((
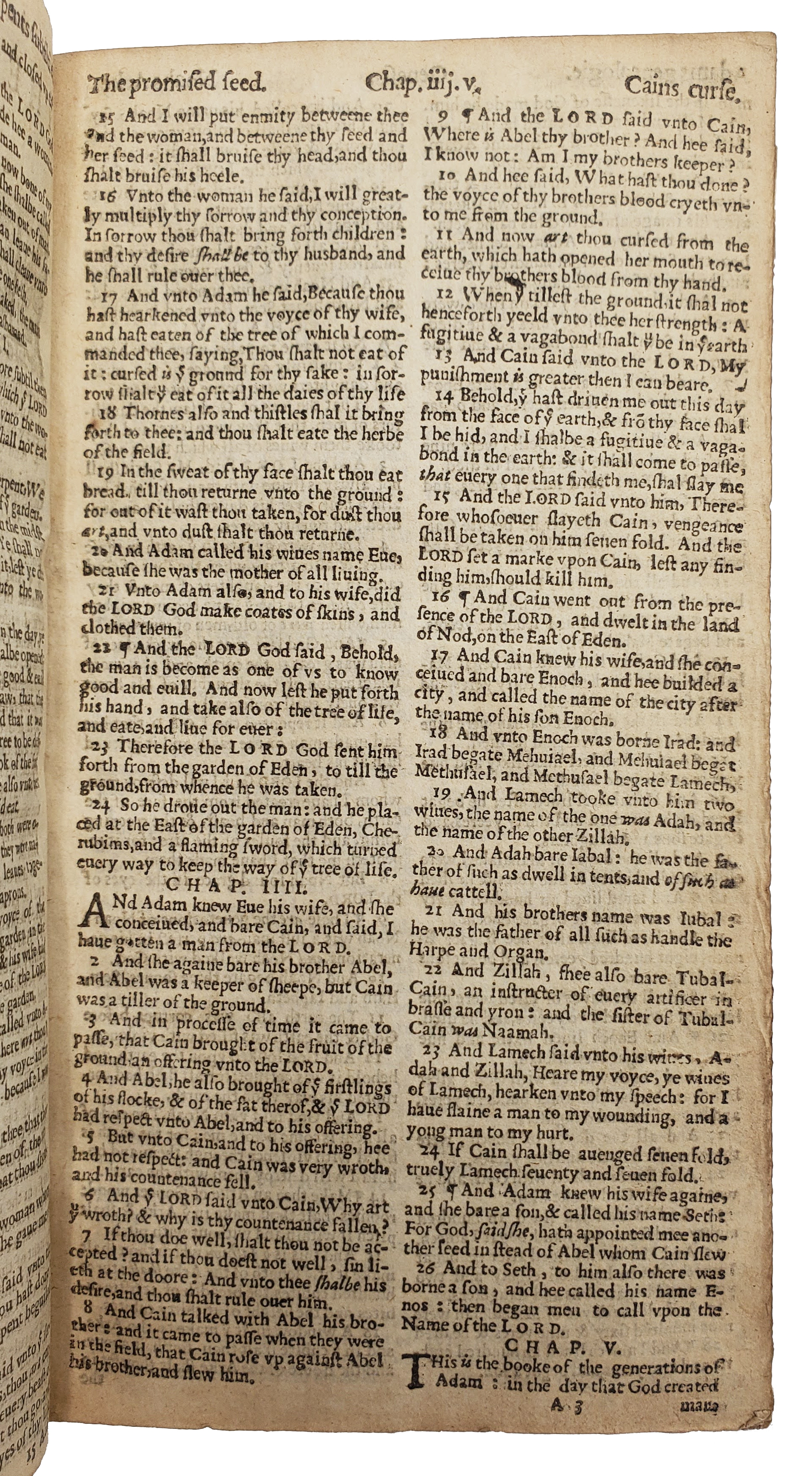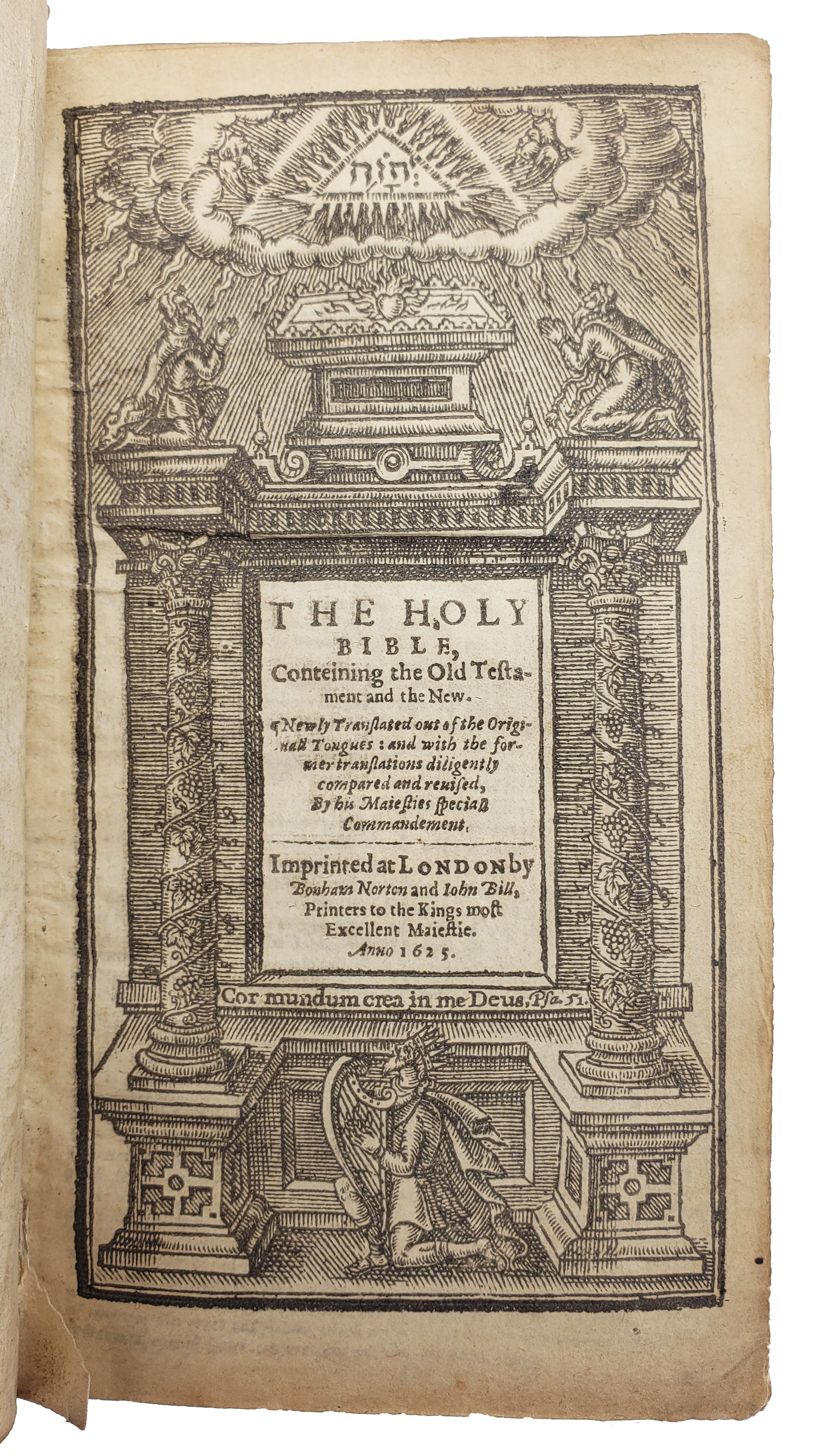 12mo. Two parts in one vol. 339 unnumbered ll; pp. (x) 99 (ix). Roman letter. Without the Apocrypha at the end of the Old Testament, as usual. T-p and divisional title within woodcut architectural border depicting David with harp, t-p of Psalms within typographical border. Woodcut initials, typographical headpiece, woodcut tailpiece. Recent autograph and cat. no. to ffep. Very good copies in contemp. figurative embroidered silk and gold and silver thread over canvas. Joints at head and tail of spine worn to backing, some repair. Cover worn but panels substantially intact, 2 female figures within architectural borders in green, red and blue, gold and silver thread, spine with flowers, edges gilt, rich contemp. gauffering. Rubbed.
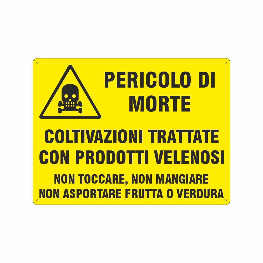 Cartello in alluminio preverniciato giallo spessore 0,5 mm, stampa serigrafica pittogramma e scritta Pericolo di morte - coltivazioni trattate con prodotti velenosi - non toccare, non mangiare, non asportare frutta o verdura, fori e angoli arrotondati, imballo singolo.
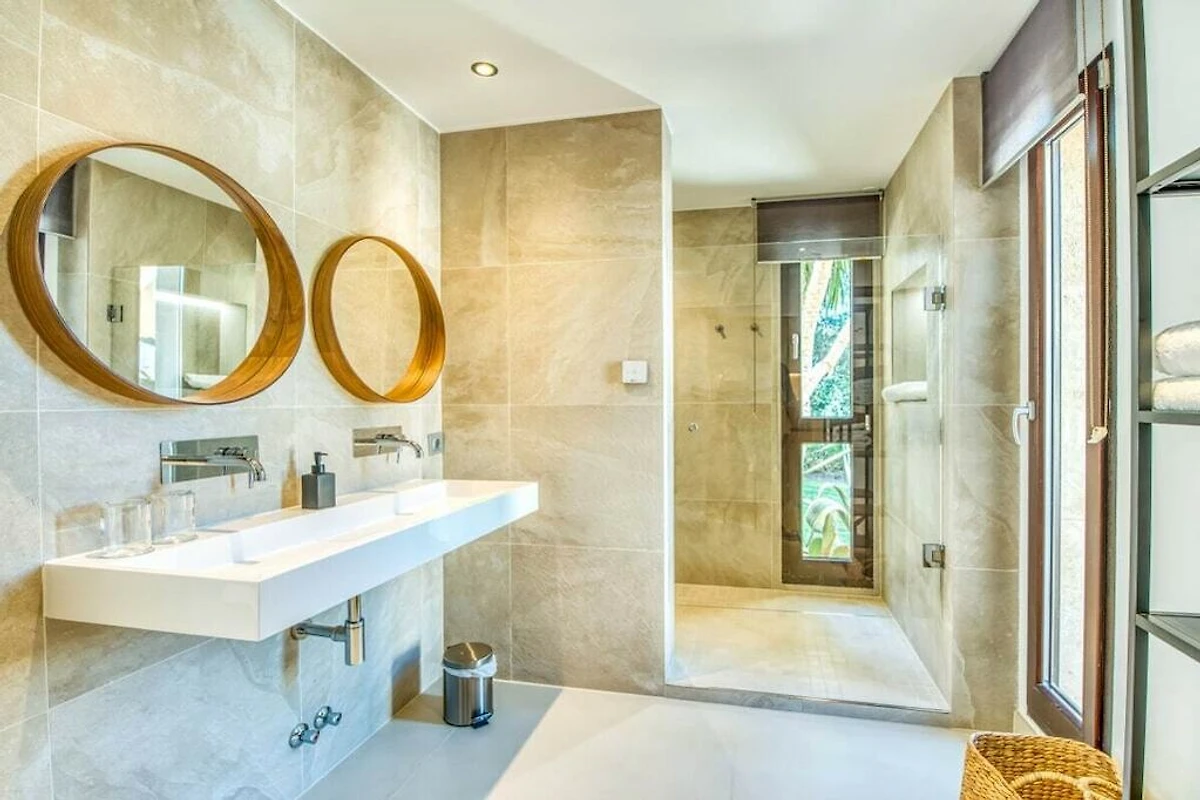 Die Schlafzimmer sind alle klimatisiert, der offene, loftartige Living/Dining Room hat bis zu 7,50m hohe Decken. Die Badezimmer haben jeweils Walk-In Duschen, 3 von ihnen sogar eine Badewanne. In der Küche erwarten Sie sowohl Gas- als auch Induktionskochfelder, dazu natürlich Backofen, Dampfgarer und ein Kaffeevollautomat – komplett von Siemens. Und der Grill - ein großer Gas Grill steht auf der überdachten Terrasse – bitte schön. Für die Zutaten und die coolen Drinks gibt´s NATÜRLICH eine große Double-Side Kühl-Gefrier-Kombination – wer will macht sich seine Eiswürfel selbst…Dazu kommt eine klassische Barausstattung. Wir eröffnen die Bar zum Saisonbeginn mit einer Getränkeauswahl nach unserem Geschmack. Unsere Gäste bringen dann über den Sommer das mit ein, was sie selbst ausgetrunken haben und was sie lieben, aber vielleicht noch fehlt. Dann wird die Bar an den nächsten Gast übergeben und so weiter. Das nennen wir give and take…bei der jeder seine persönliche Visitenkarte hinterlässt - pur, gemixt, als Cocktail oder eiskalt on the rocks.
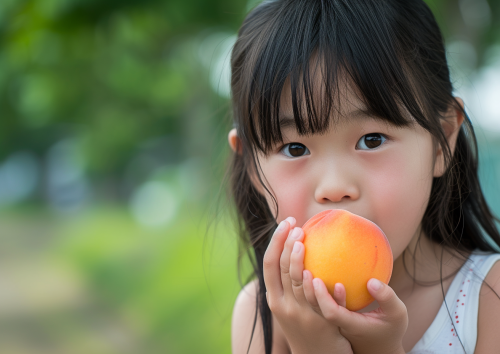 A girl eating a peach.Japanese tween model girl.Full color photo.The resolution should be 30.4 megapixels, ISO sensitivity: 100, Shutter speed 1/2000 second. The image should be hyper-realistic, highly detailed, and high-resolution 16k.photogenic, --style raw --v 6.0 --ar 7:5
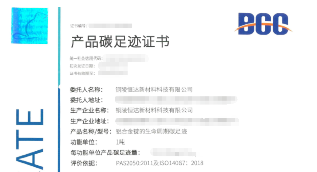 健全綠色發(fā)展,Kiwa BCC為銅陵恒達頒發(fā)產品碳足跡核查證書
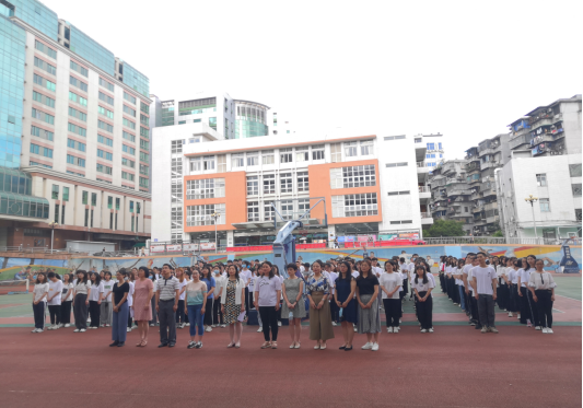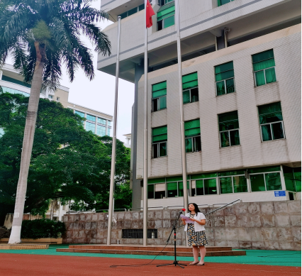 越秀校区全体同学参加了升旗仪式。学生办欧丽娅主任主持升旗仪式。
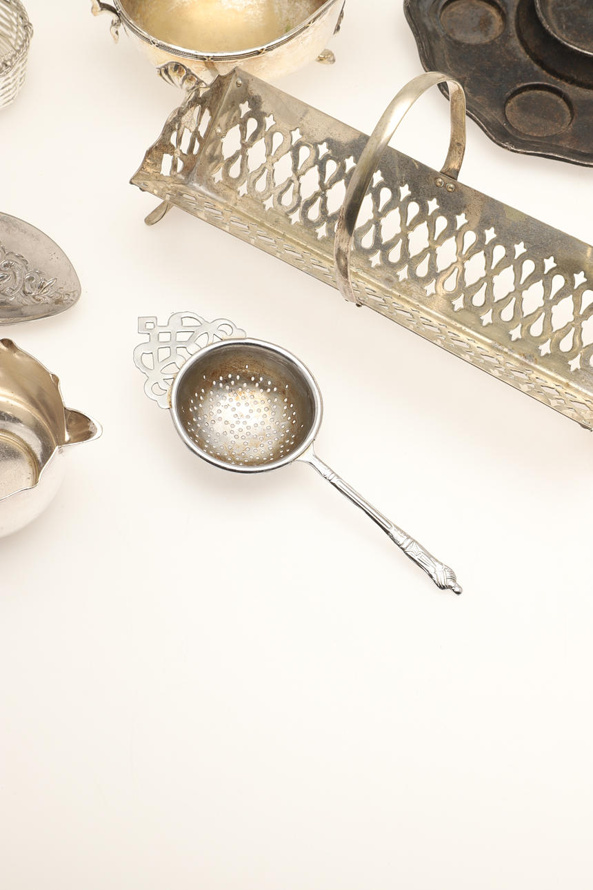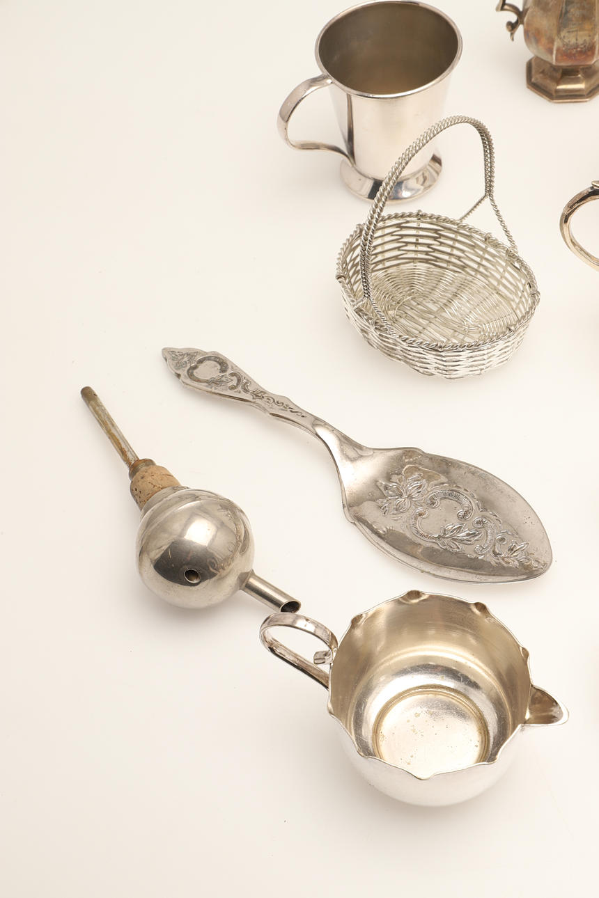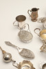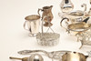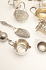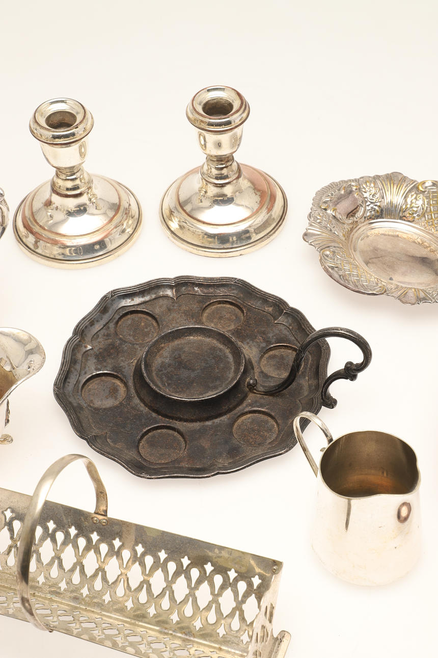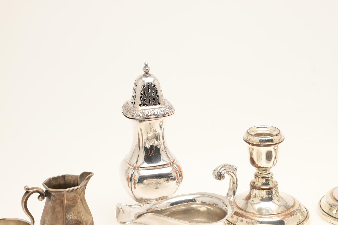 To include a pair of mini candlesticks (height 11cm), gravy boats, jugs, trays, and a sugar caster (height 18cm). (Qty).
))
Task description: Reproduce, with no pictures, the lines from the one containing "健全綠色發(fā)展,Kiwa BCC為銅陵恒達頒發(fā)產品碳足跡核查證書" to the end of the records above, exactly and inclusively.

Response to the task:
 健全綠色發(fā)展,Kiwa BCC為銅陵恒達頒發(fā)產品碳足跡核查證書
 越秀校区全体同学参加了升旗仪式。学生办欧丽娅主任主持升旗仪式。
 To include a pair of mini candlesticks (height 11cm), gravy boats, jugs, trays, and a sugar caster (height 18cm). (Qty).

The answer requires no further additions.